False. A process is an individual entity with its own memory space. A thread is an independently running execution sequence that shares a memory space. One or more threads make up a single process.

1.5 SIMD is a form of instruction-level parallelism.

False. Instruction-level parallelism deals with performing multiple instructions in parallel, i.e. pipelining. SIMD is a form of data parallelism with a single instruction performing operation on multiple streams of data.

1.6 SIMD is ideal for flow-control heavy tasks (i.e. tasks with many branches/if statements).

False. Data-level parallelism really shines through when we need to repeatedly perform the same operation on a large amount of data. Flow control statements
disrupt the continuous flow of computation, which makes programs with them hard to take advantage of SIMD.

Intel’s SIMD intrinsic instructions invoke large registers available on the architecture in order to perform one operation on multiple values at once.

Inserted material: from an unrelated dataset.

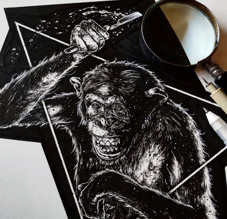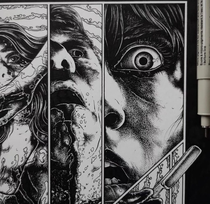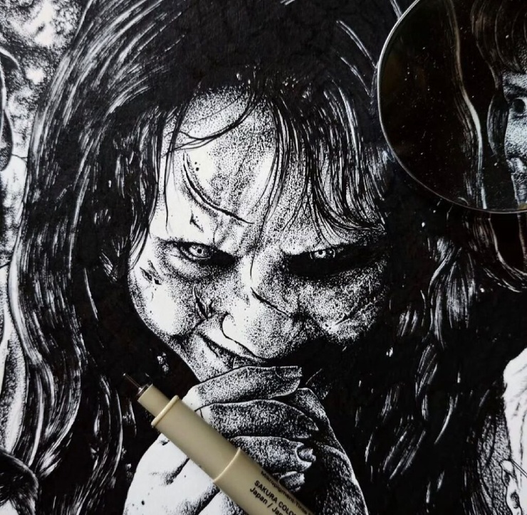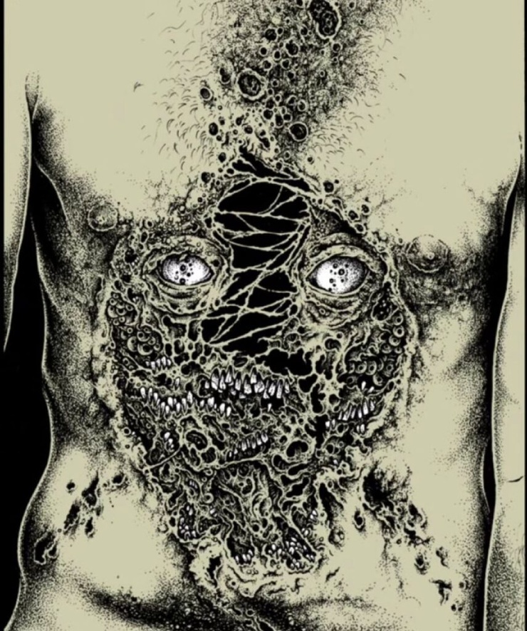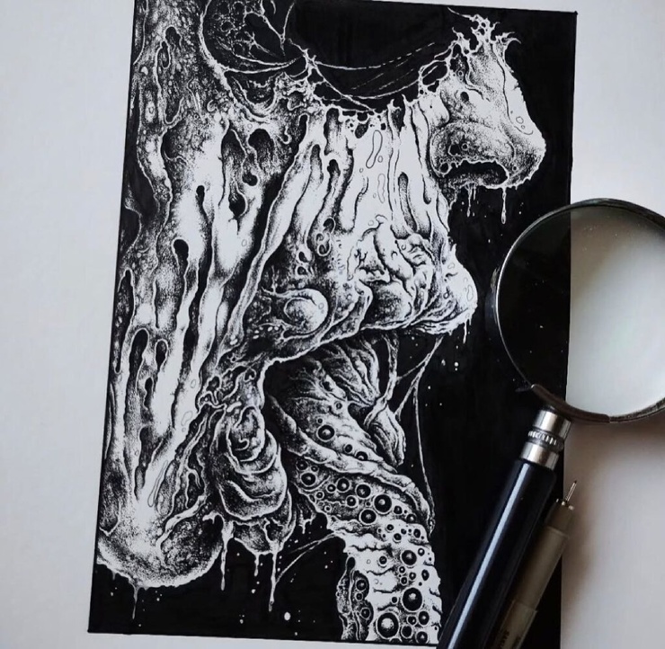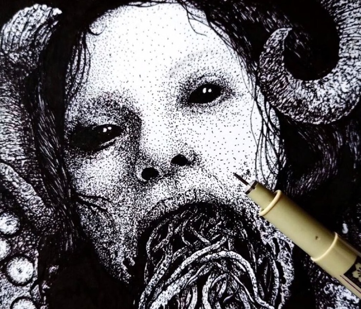 Александрос Пиромаллис — известный художник и сооснователь дизайн-студии Viral Graphics (например, она известна постерами и обложками для групп Soundgarden, Melvins и Swans). Он рисует иллюстрации по старым хоррорам и не только, соединяя тьму и мифы в разных вариациях. А еще делает принты для футболок и скейтбордов

True. For example, we can pack four 32-bit integers in a single 128-bit register and perform the same arithmetic operation on all four integers in one go, using an instruction such as __m128i _mm_add_epi32(__m128i a, __m128i b).
2 Forking

2.1 One of the many responsibilities of the OS is to load new programs, and in order to do this it creates a new process and loads in the program to execute. In Linux, the system call to create a new process is `fork()`. `fork()` creates a new process by duplicating the calling process. The new process is referred to as the child process. The calling process is referred to as the parent process. In the parent process, `fork()` returns the process ID of the child or -1 if the fork has failed. In the child process, it returns 0.

Use this information to complete the code block below, which creates a child process to change the value of y while the parent process changes the value of x. Assume any call to `fork()` is successful.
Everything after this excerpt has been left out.